Забалдел Алексей так, что оступился и едва не загремел на натёртой воском лестнице. Заведение было до потолка завешено подписанными фото именитых клиентов. Аннабель знали и здесь, им подали какого-то швейцарского вина чуть ли не времён Джойса, и при том белого, а оно, любое, с первого глотка разламывает ему мозги, сразу три бутылки, тогда как есть — в смысле пожрать — Аннабель, видимо, считала делом романиста недостойным. Люсьен уводил блудливые глаза столь нагло, что он достал его по голени носком ботинка, отчего тот сразу же нашёлся:
— Сыры, наверное, тоже здесь на уровне?
— Ах! Я даже не спросила, не голодны ли вы… — Она сделала знак, но официант скрючился с сожалением, кухня уже закрылась, второй час ночи…
— Как это закрылась?
Люсьен вмешался в смысле, что они не ради, нет! И в результате им подали на спиле старого дерева столь эзотерический сыр, что, силясь смыть привкус, Алексей выпил залпом и стиснул челюсти, пытаясь удержать всё это вместе.
— Не нравится?
Он замотал головой.
— Очень!
Со стены над ней черепахой взирал лёгкий на помине Генри Миллер яйцевидный череп в старческих крапинах наискось пересечён автографом. Ресторан, узкий и длинный, был пуст, только у выхода на лестницу между парочкой, сомкнувшей руки над столом, догорал огарок, свидетельствуя, что в объективном мире ещё была любовь.

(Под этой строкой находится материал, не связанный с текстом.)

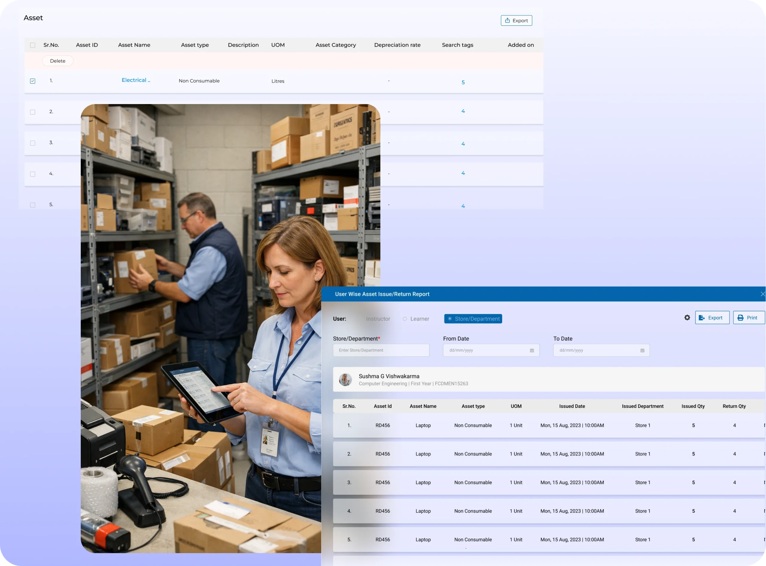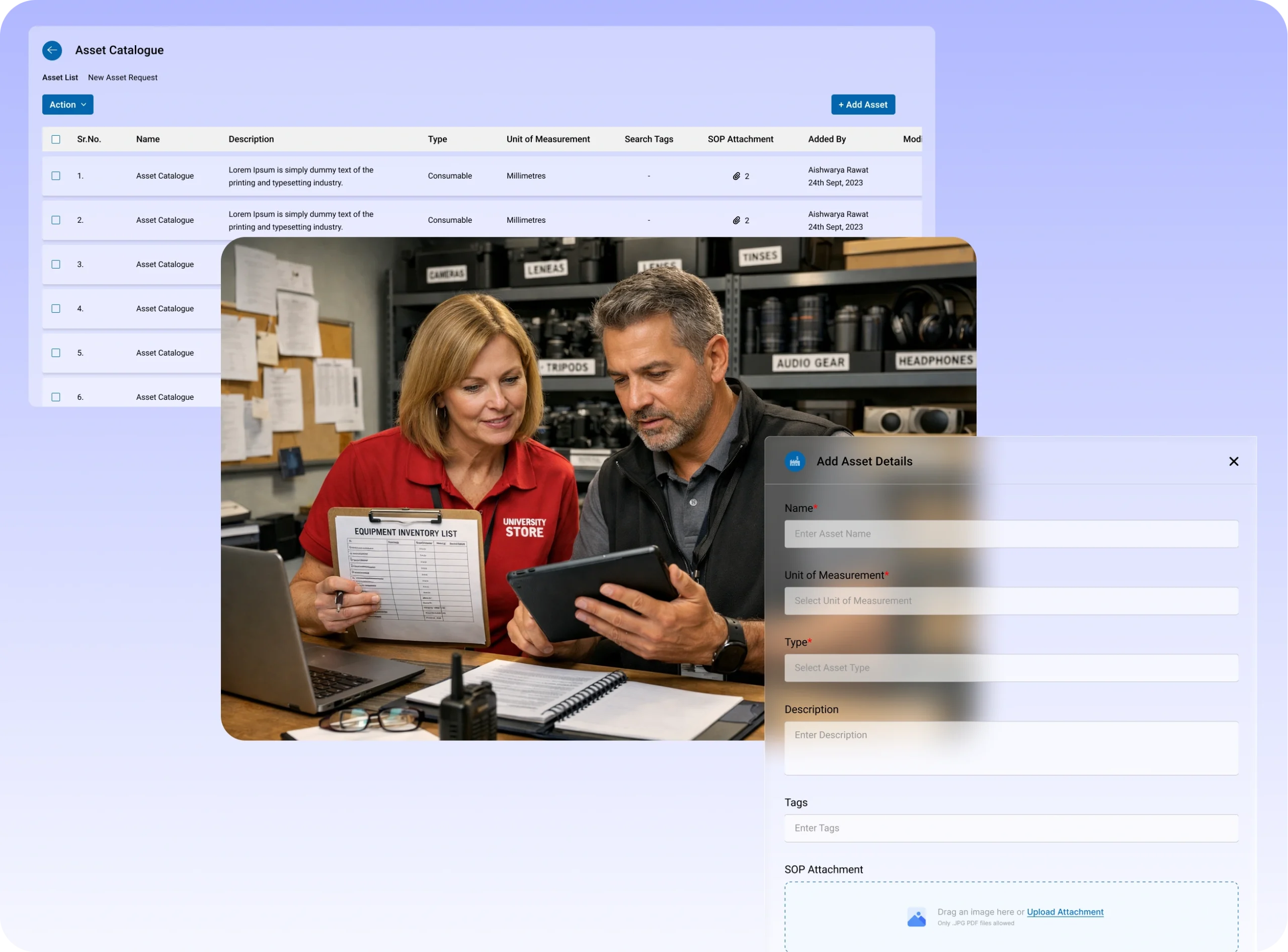 Track equipment, inventory, and asset allocation across departments from a single platform.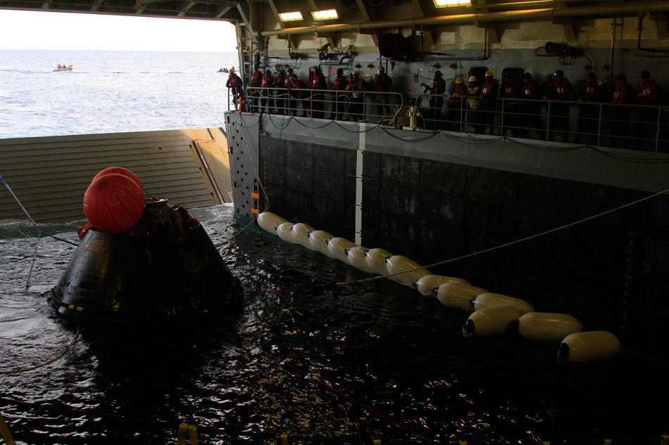 美國海軍回收獵戶座飛船。(美國海軍網(wǎng)站)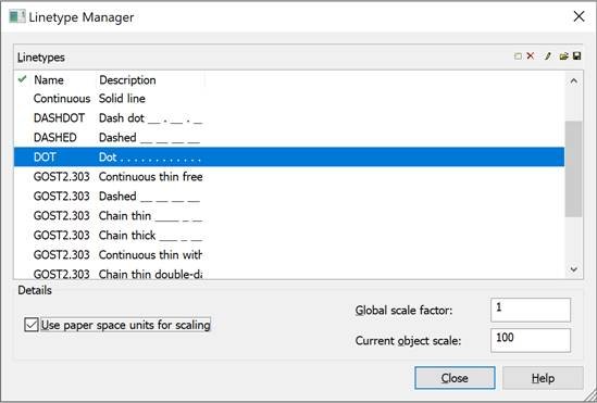 1. In the Linetypes dialog box, select the appropriate linetype by clicking.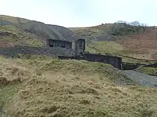 The trackbed then moves to the south side of the road into a wooded section and can easily be followed for some distance before it rejoins the road at a white cottage. It then moves to the north of the road and adjacent to a sharp bend in the road is a deep cutting. Beyond this, the trackbed again moves to the south side of the road and can be easily followed to the remains of Bwlch Glas mine. Part of the mine structures were built over the remains of the trackbed as the mine was expanded and operated after the tramway closed.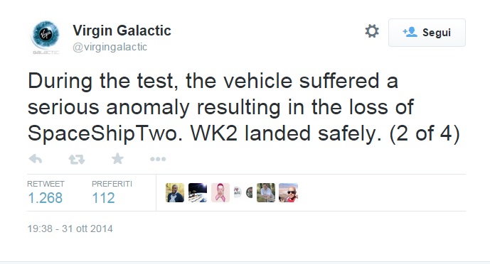 La società ha comunicato via Twitter di aver riscontrato un’anomalia sei minuti dopo la partenza, durante un test di volo al motore della navetta, portata in volo dalla “WhiteKnight2″.
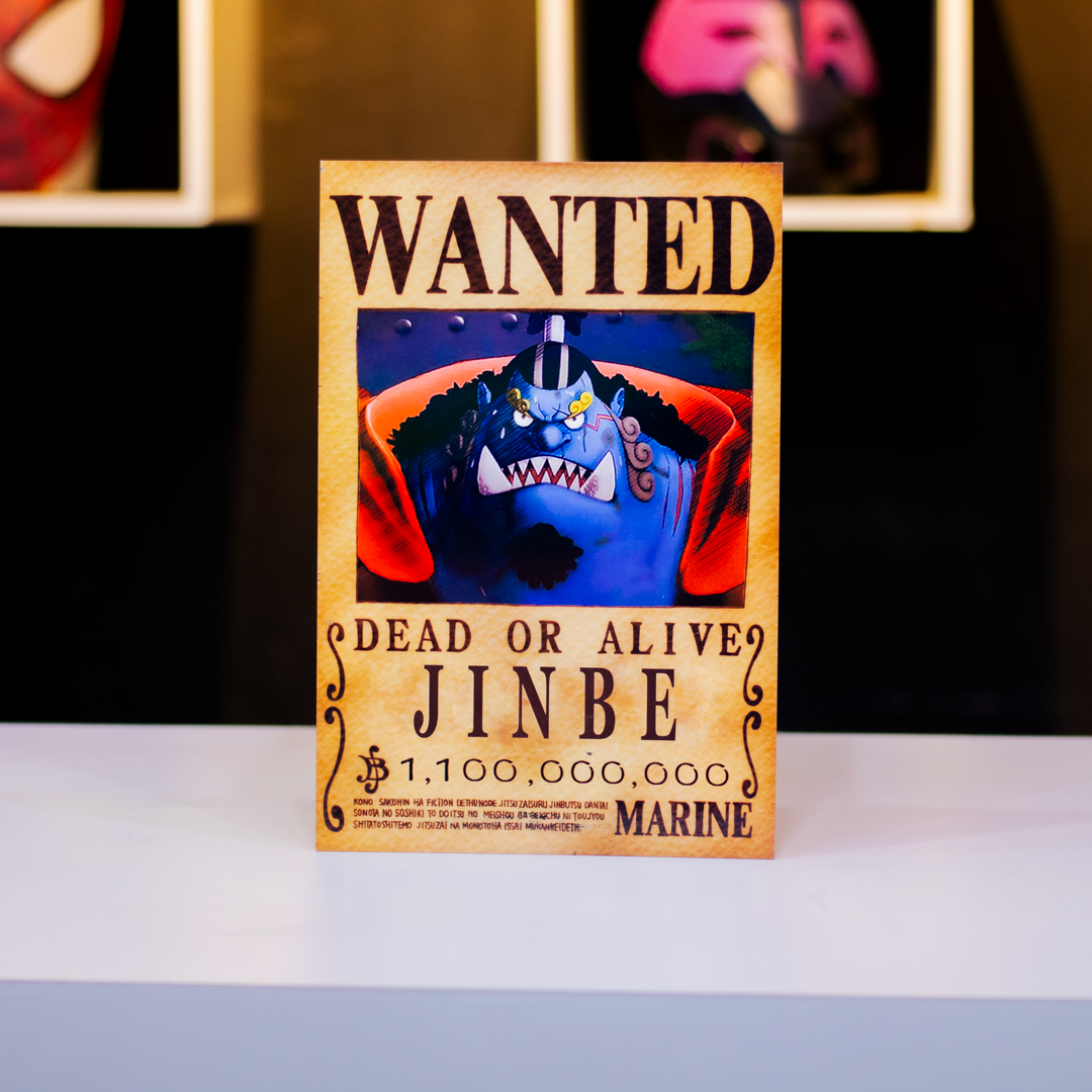Este cuadro metálico estilo WANTED de 20x30 cm captura al Caballero del Mar, el timonel de los Sombrero de Paja y uno de los piratas más respetados de los mares.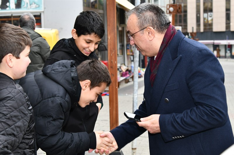 Esnaf ziyareti esnasında Vali Recep Soytürk ile fotoğraf çektirmek isteyen çocuklarla bir süre sohbet eden Vali Soytürk, çocuklar ile hatıra fotoğrafı da çektirdi.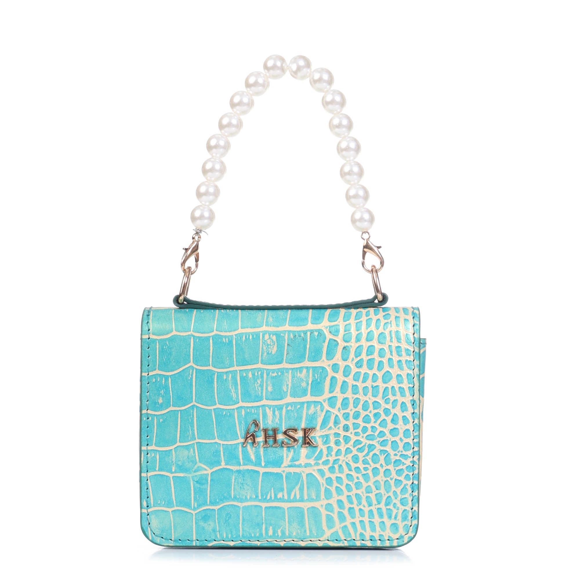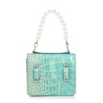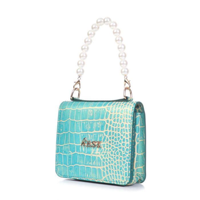 . Handle/Strap: Instead of a traditional leather strap, it features a unique and elegant top handle made entirely of pearls. These pearls are a creamy white, creating a beautiful contrast with the sky blue of the bag. The handle is attached by small silver-toned clasps, suggesting it might be detachable or interchangeable.
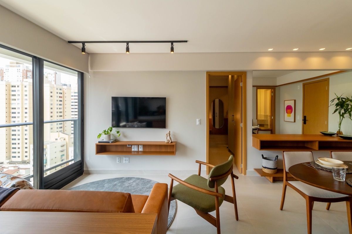 ❗️Unikāls, elegants un izsmalcināts jaunais daudzdzīvokļu nams🤩, kas radīts, lai jūs varētu justies kā mājās. Noskatieties savu iecienītāko filmu guļamistabā vai viesistabā modernākajā viedajā televizorā ar gaisa kondicionētāju, ēdamgaldu un īpašu darba vietu. Atpūtieties labākajā gultā, izbaudiet gardāko dušu, baudiet balkonu un skaistu saulrietu ar skatu uz parku un izbaudiet mūsdienu Setor Bueno labāko Goiânia reģionā! Condomínio Tai Residências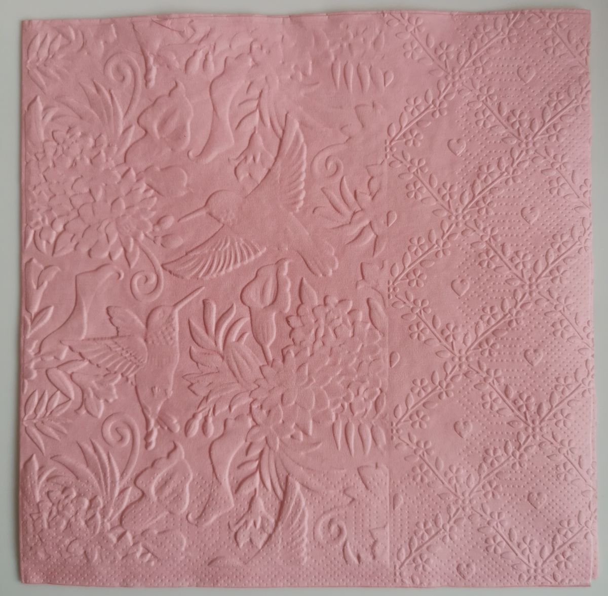 Reliéfne servítky svetloružové (Baby Pink) 33×33 cm, 20 ks – vzor Zaláskané kolibríky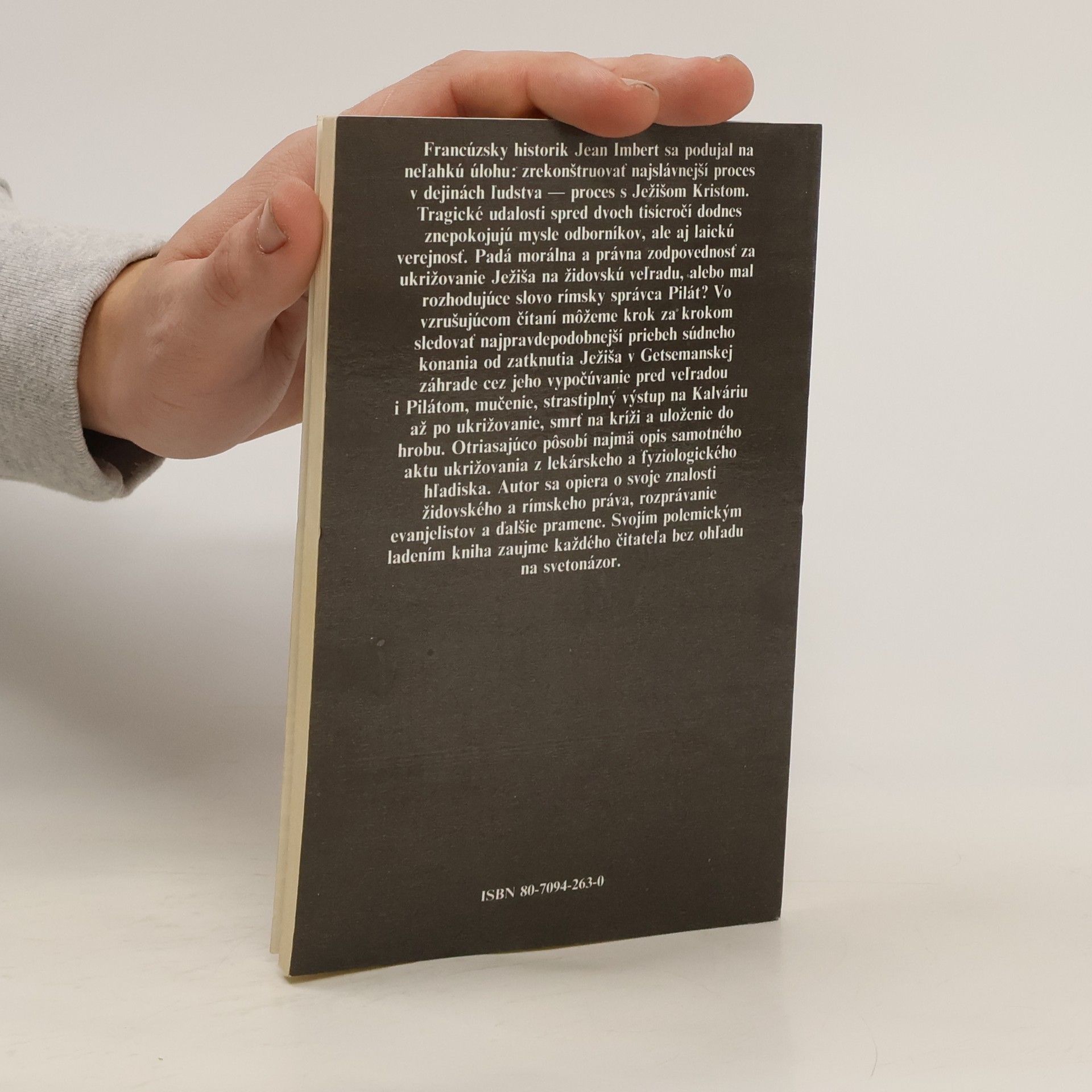 Francouský historik J. Imbert se podílel na nejslavnějším procesu lidstva - život Ježíše Krista. Tragická událost, od níž nás dělí dva tisíce let je a bude stále vděčným tématem pro řadu lidí, tedy i odborníků.

Люсьен обнёс бокалы длинногорлостью очередной бутылки, и он немедленно ополовинил свой — от ужаса. И закурил — с чувством смертной истомы, смачивающей виски. Его тело по-толстовски поднялось, отставило стул и с сигаретой меж пальцев двинулось прочь. Куда? Но он никуда не шёл, он сидел за столом и вёл непринуждённую беседу, тогда как под его телом проскрипели три ступеньки вверх, и в параллельном залу коридоре, в конце направо, за дверью, предварительно запертой, он распахнул перед собой сверкающий унитаз.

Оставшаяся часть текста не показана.